Mar 23, 2007
Smokin'
Saw Clay McLeod Chapman's volume of smoke last night, directed by fellow blogger Isaac Butler with great care and finesse at the lovely 14th Street Y Theatre. Its inspiration is a little-remembered fire in a Richmond, VA theatre in 1811, in which 72 people perished, and on the charred ruins of which Monumental Church was built.
A cast of six, in period clothes on a mostly bare stage, recounts the performance, the fire, and its aftermath from various points of view, from a musician in the pit to bystanders outside who arrived to help; even the voices of the dead get the floor for a few chilling moments.
The resonances with a certain disaster of our lifetime--we hear about victims jumping from higher stories to avoid the blaze, about squabbles over what to build on the site's ashes, about opportunistic judgments about the meaning of the tragedy--are striking, if ultimately not exactly illuminating.

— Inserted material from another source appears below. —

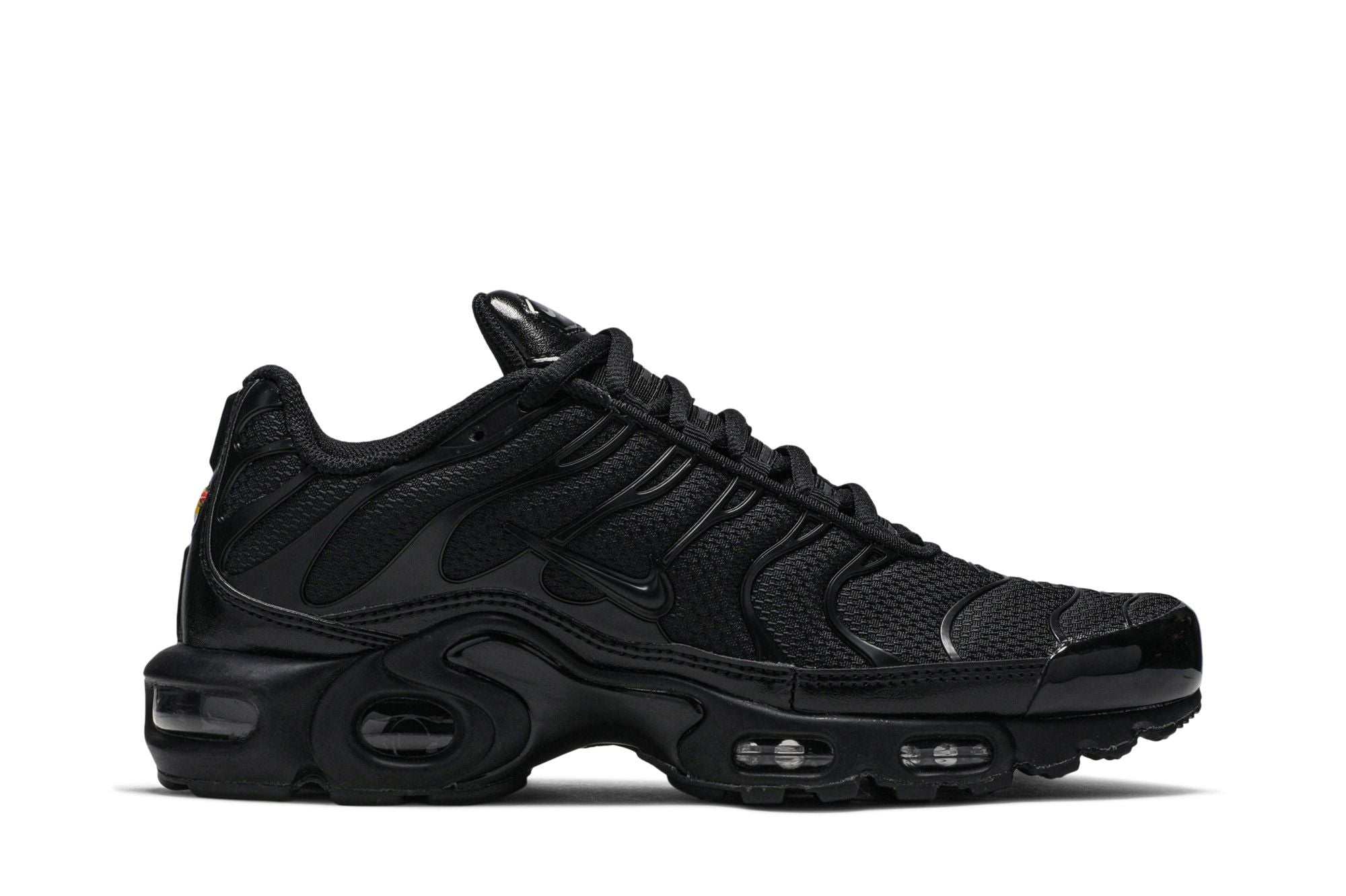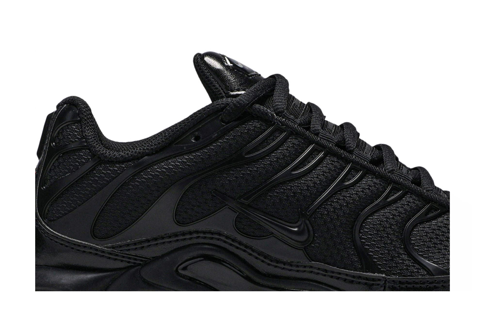 Der Nike Air Max Plus Triple Black ist eine komplett schwarze Version des Nike Air Max Plus. Dieser Schuh wurde vor dem 20. Jubiläum des Nike Air Max Plus auf den Markt gebracht und verfügt über ein atmungsaktives Synthetik-Obermaterial mit geschlossenen Mesh-Einsätzen und TPU-Rippen eckig, eine äußere Zehenkappe, ein strukturiertes Knöchelband und ein niedriger Schutzblech. Außerdem verfügt er über eine leichte Zwischensohle mit Tuned Air-Technologie und eine Max Air-Außensohle.

Indeed, despite the beautiful, intent work of Butler and his cast--particularly Daryl Lathon, Brian Silliman, and Molly Wright Stuart--I didn't feel that the show met the storyteller's basic challenge: Why this story, now, told this way? Its well-rendered moments of beauty, terror, and poignance have the inexplicable, riveting power of ghost stories told in a darkened room, but for me these highlights didn't quite overcome the sense that I'd stumbled into a heartfelt funeral for someone I didn't know. Here Isaac makes a better case than the play itself does.